Here is an example that copies standard input to standard output:
(let* ((in (current-input-port))
       (out (current-output-port))
       (blen ::int 2048)
       (buf (make-bytevector blen)))
  (let loop ()
    (define n (read-bytevector! buf in))
    (cond ((not (eof-object? n))
           (write-bytevector buf out 0 n)
           (loop)))))

Procedure: with-input-from-file path thunk

Procedure: with-output-to-file path thunk

The file is opened for input or output as if by open-input-file or open-output-file, and the new port is made to be the value returned by current-input-port or current-output-port (as used by (read), (write obj), and so forth). The thunk is then called with no arguments. When the thunk returns, the port is closed and the previous default is restored. It is an error if thunk does not accept zero arguments. Both procedures return the values yielded by thunk. If an escape procedure is used to escape from the continuation of these procedures, they behave exactly as if the current input or output port had been bound dynamically with parameterize.

Procedure: open-input-file path

Procedure: open-binary-input-file path

Takes a path naming an existing file and returns a textual input port or binary input port that is capable of delivering data from the file.

The procedure open-input-file checks the fluid variable port-char-encoding to determine how bytes are decoded into characters. The procedure open-binary-input-file is equivalent to calling open-input-file with port-char-encoding set to #f.

Procedure: open-output-file path

Procedure: open-binary-output-file path

Takes a path naming an output file to be created and returns respectively a textual output port or binary output port that is capable of writing data to a new file by that name. If a file with the given name already exists, the effect is unspecified.

The procedure open-output-file checks the fluid variable port-char-encoding to determine how characters are encoded as bytes. The procedure open-binary-output-file is equivalent to calling open-output-file with port-char-encoding set to #f.

Procedure: close-port port

Procedure: close-input-port port

Procedure: close-output-port port

Closes the resource associated with port, rendering the port incapable of delivering or accepting data. It is an error to apply the last two procedures to a port which is not an input or output port, respectively. (Specifically, close-input-port requires a java.io.Reader, while close-output-port requires a java.io.Writer. In contrast close-port accepts any object whose class implements java.io.Closeable.)

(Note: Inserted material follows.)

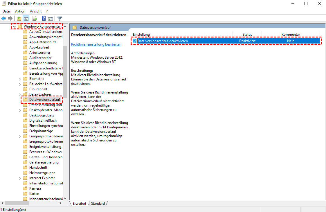 In verwalteten Umgebungen deaktivieren Administratoren den Dateiversionsverlauf häufig über Gruppenrichtlinien, um die Datensicherungslösungen des Unternehmens durchzusetzen. Diese Einstellungen überschreiben die individuellen Versuche einzelner Benutzer, die Funktion zu aktivieren.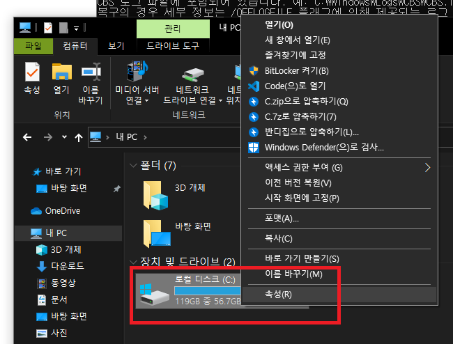 파일 탐색기를 열고 마우스 우클릭해서 '속성'을 선택해줍시다.

These routines have no effect if the port has already been closed.

String and bytevector ports

Procedure: open-input-string string

Takes a string and returns a text input port that delivers characters from the string. The port can be closed by close-input-port, though its storage will be reclaimed by the garbage collector if it becomes inaccessible.
(define p
  (open-input-string "(a . (b c . ())) 34"))

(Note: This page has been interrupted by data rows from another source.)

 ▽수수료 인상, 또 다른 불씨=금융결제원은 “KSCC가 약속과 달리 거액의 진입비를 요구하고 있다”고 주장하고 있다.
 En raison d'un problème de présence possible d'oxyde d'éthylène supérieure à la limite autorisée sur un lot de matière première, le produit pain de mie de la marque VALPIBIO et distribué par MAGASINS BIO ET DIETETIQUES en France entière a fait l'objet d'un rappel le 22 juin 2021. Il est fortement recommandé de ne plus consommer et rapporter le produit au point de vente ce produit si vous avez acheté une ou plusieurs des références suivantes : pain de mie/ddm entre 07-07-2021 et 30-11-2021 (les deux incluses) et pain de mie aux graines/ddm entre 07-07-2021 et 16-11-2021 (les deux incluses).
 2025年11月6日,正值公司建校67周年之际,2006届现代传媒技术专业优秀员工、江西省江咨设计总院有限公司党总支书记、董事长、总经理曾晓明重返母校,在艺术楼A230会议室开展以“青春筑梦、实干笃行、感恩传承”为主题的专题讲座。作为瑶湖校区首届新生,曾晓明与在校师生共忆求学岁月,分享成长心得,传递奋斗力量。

(input-port? p)                 ⇒  #t
(read p)                        ⇒  (a b c)
(read p)                        ⇒  34
(eof-object? (peek-char p))     ⇒  #t

Procedure: open-output-string

Returns an textual output port that will accumulate characters for retrieval by get-output-string. The port can be closed by the procedure close-output-port, though its storage will be reclaimed by the garbage collector if it becomes inaccessible.
(let ((q (open-output-string))
  (x '(a b c)))
    (write (car x) q)
    (write (cdr x) q)
    (get-output-string q))        ⇒  "a(b c)"

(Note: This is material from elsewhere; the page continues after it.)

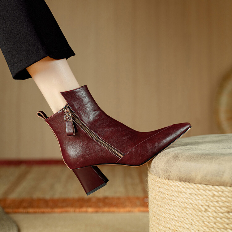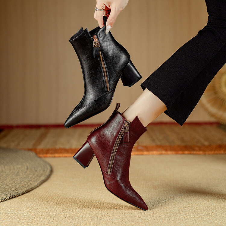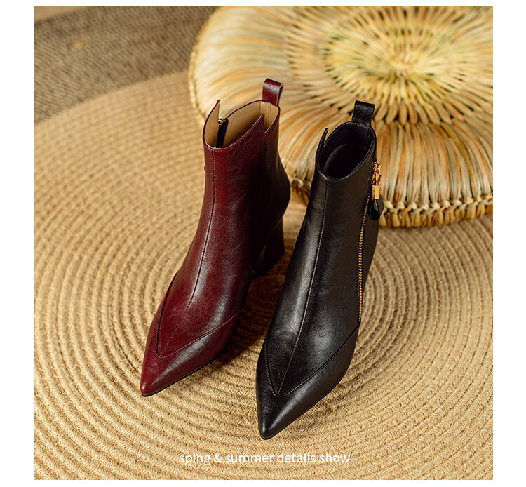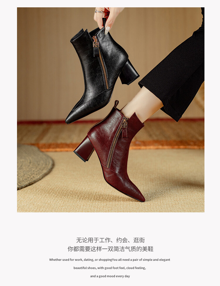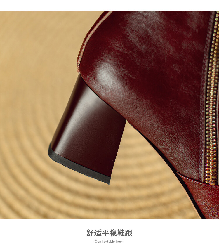 【货号】M6070【面料】牛皮【内里】猪皮里/绒里【垫脚】猪皮里/绒里【鞋底】牛筋底【跟高】6.5cm【颜色】黑色 酒红色【尺码】34-40(大小定制不退换)

Procedure: get-output-string output-port

Given an output port created by open-output-string, returns a string consisting of the characters that have been output to the port so far in the order they were output. If the result string is modified, the effect is unspecified.
(parameterize
    ((current-output-port (open-output-string)))
    (display "piece")
    (display " by piece ")
    (display "by piece.")
    (newline)
    (get-output-string (current-output-port)))
        ⇒ "piece by piece by piece.\n"

Procedure: call-with-input-string string proc

Create an input port that gets its data from string, call proc with that port as its one argument, and return the result from the call of proc

Procedure: call-with-output-string proc

Create an output port that writes its data to a string, and call proc with that port as its one argument. Return a string consisting of the data written to the port.

Procedure: open-input-bytevector bytevector

Takes a bytevector and returns a binary input port that delivers bytes from the bytevector.

Procedure: open-output-bytevector

Returns a binary output port that will accumulate bytes for retrieval by get-output-bytevector.

Procedure: get-output-bytevector port

Returns a bytevector consisting of the bytes that have been output to the port so far in the order they were output. It is an error if port was not created with open-output-bytevector.

Input

If port is omitted from any input procedure, it defaults to the value returned by (current-input-port). It is an error to attempt an input operation on a closed port.

Procedure: read [port]

The read procedure converts external representations of Scheme objects into the objects themselves. That is, it is a parser for the non-terminal datum. It returns the next object parsable from the given textual input port, updating port to point to the first character past the end of the external representation of the object.

If an end of file is encountered in the input before any characters are found that can begin an object, then an end-of-file object is returned. The port remains open, and further attempts to read will also return an end-of-file object. If an end of file is encountered after the beginning of an object’s external representation, but the external representation is incomplete and therefore not parsable, an error that satisfies read-error? is signaled.

Procedure: read-char [port]

Returns the next character available from the textual input port, updating the port to point to the following character. If no more characters are available, an end-of-file value is returned.

The result type is character-or-eof.

Procedure: peek-char [port]

Returns the next character available from the textual input port, but without updating the port to point to the following character. If no more characters are available, an end-of-file value is returned.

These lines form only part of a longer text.